* [Activity]:
Word for word, copy the line containing "that will hold." and every line after it in the records below, leaving pictures out.

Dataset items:

• • • • •

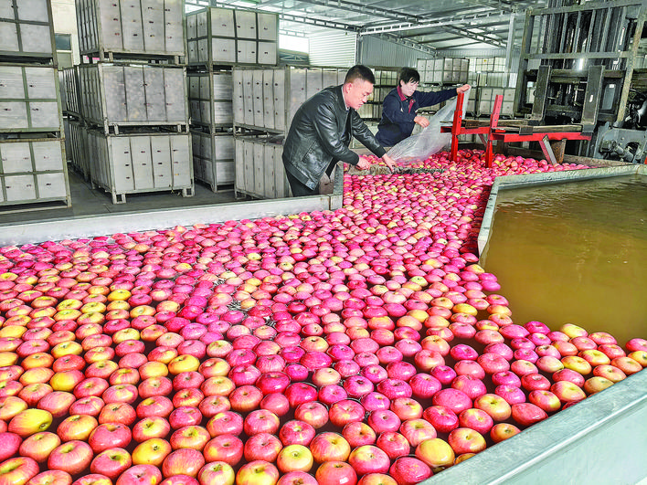 上图 在山西海河果品股份有限公司的苹果加工车间,工作人员把一箱箱苹果倒入自动清洗池。
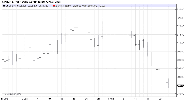 Silver closed Friday`s trading session at $28.46 an ounce, capping off what has been an auspicious start to 2013. On January 23rd Silver was trading at $32 and has been in a downtrend ever since trying to find a support level that will hold.
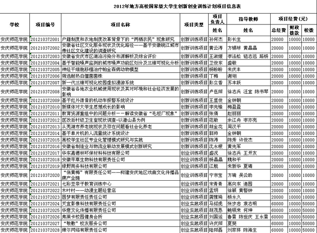为了做好此次大学生创新创业训练计划项目立项,学校高度重视,专门出台了《安庆师范学院大学生创新创业训练计划项目管理办法(试行)》。副院长闵永新、张群多次听取工作汇报,亲自指导项目申报工作。校团委、教务处、招生就业处、学生处等部门在全校范围内召开专题会议,开展立项宣传、项目申报、专家评审等工作,对项目内容进行了多次调整修改,确保了项目的申报质量。
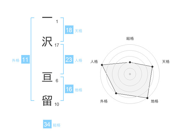 一沢 亘留さんを姓名の画数から五運を鑑定
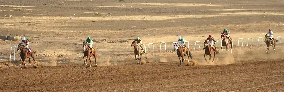 Betting is prohibited in horse racing, in accordance with Islamic laws.[2] The racing season takes place from October to June, due to the heat.[2] People suspected of betting despite the ban are regularly arrested.[2] Sudanese jockeys, renowned for their courage and combativeness, are recruited by racing stables in Gulf countries.[2] In 2012, the African Union proposed the organisation of horse races in Nyala, in South Darfur, as a factor of cohesion and peace between peoples.[5] Maintaining the races also supports cohesion and morale among the Sudanese population of Khartoum since the secession of South Sudan.[26]

• • • • •

* [Reply]:
 Silver closed Friday`s trading session at $28.46 an ounce, capping off what has been an auspicious start to 2013. On January 23rd Silver was trading at $32 and has been in a downtrend ever since trying to find a support level that will hold.
为了做好此次大学生创新创业训练计划项目立项,学校高度重视,专门出台了《安庆师范学院大学生创新创业训练计划项目管理办法(试行)》。副院长闵永新、张群多次听取工作汇报,亲自指导项目申报工作。校团委、教务处、招生就业处、学生处等部门在全校范围内召开专题会议,开展立项宣传、项目申报、专家评审等工作,对项目内容进行了多次调整修改,确保了项目的申报质量。
 一沢 亘留さんを姓名の画数から五運を鑑定
 Betting is prohibited in horse racing, in accordance with Islamic laws.[2] The racing season takes place from October to June, due to the heat.[2] People suspected of betting despite the ban are regularly arrested.[2] Sudanese jockeys, renowned for their courage and combativeness, are recruited by racing stables in Gulf countries.[2] In 2012, the African Union proposed the organisation of horse races in Nyala, in South Darfur, as a factor of cohesion and peace between peoples.[5] Maintaining the races also supports cohesion and morale among the Sudanese population of Khartoum since the secession of South Sudan.[26]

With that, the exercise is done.